:: Provided data ::
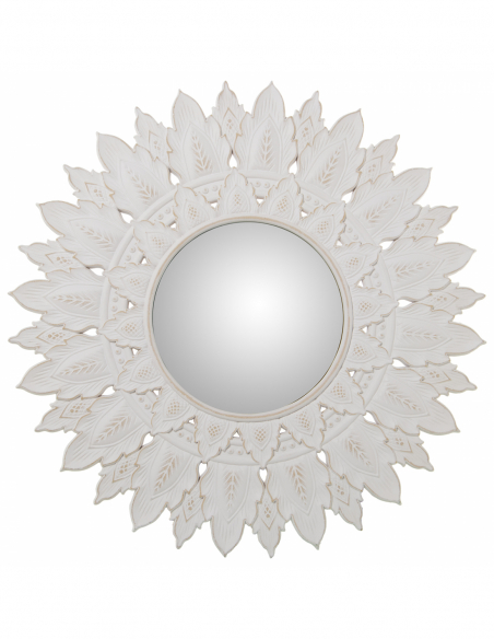 Espejo redondo ø70cm madera calada blanco decapé perfecto para aportar amplitud y decorar cualquier rincón de tu hogar. Combínalo con cualquier estilo de mobiliario y disfruta de su bonito y único diseño.
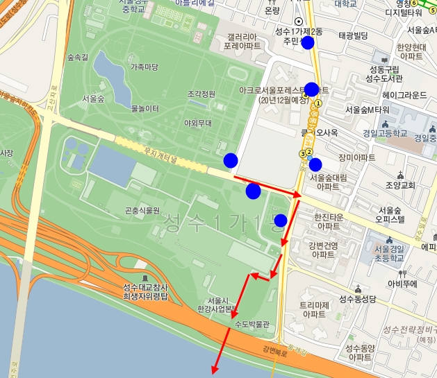 위 지도에서 파란색 원으로 표시한 것이 따릉이 대여소이고, 빨간색 화살표를 따라 가면 한강이 나온다.
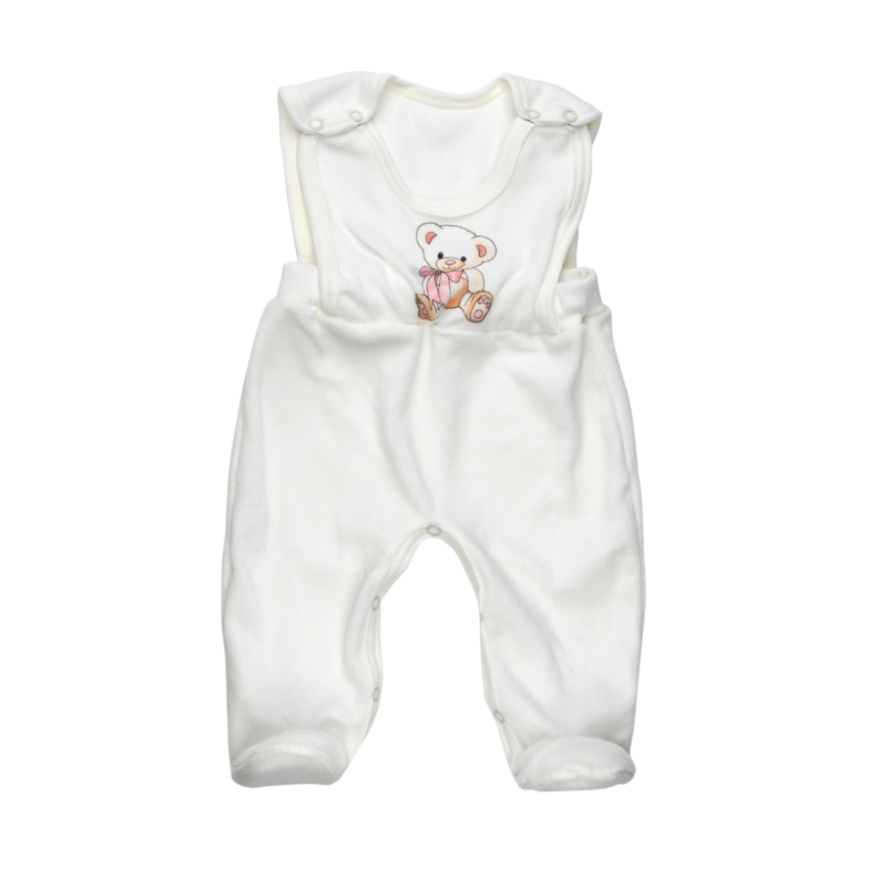 Велюровый полукомбинезон с мишкой на груди этой модели, настоящая находка для родителей. Его не придется полностью снимать, чтобы сменить подгузник или переодеть маечку из-за удачного расположения кнопочек на плечиках изделия и по всему периметру внутренней стороны штанишек. В пояс полукомбинезона дополнительно вшита эластичная резиночка для лучшей фиксации штанишек на талии ребенка.
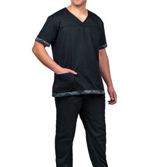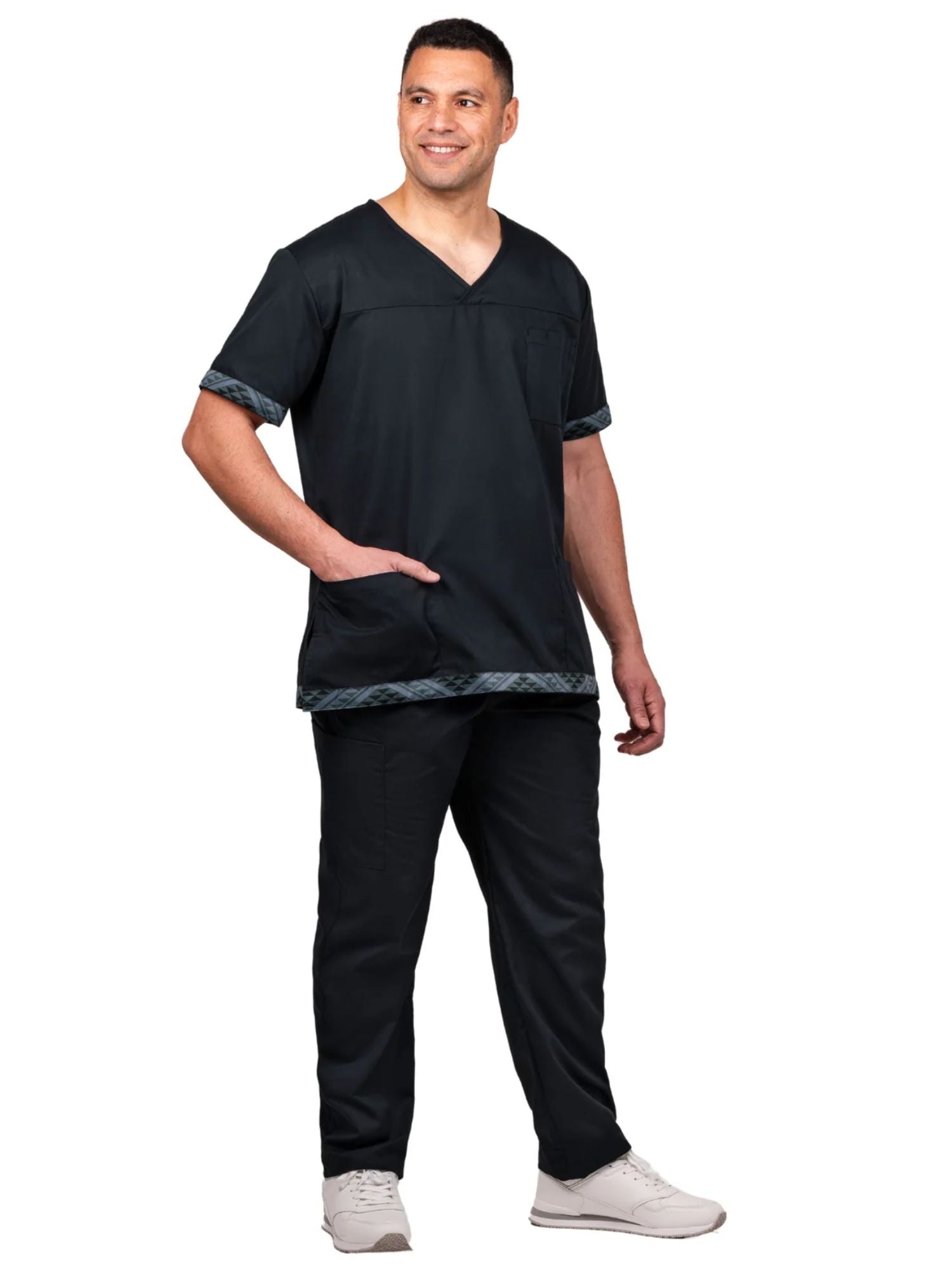 The MR35 Unisex Scrub Top is designed for demanding theatre environments, featuring a chest pocket with a pen divider, a side fabric loop for I.D. tags, and hidden pockets for efficiency. Made from a durable polyester-cotton blend, it offers breathable comfort and retains its colour through multiple high-temperature washes.

:: What is being asked ::
Everything from the line containing "위 지도에서 파란색 원으로" through the end of the data should be printed exactly, line for line, except the pictures.

:: Exercise answer ::
 위 지도에서 파란색 원으로 표시한 것이 따릉이 대여소이고, 빨간색 화살표를 따라 가면 한강이 나온다.
 Велюровый полукомбинезон с мишкой на груди этой модели, настоящая находка для родителей. Его не придется полностью снимать, чтобы сменить подгузник или переодеть маечку из-за удачного расположения кнопочек на плечиках изделия и по всему периметру внутренней стороны штанишек. В пояс полукомбинезона дополнительно вшита эластичная резиночка для лучшей фиксации штанишек на талии ребенка.
 The MR35 Unisex Scrub Top is designed for demanding theatre environments, featuring a chest pocket with a pen divider, a side fabric loop for I.D. tags, and hidden pockets for efficiency. Made from a durable polyester-cotton blend, it offers breathable comfort and retains its colour through multiple high-temperature washes.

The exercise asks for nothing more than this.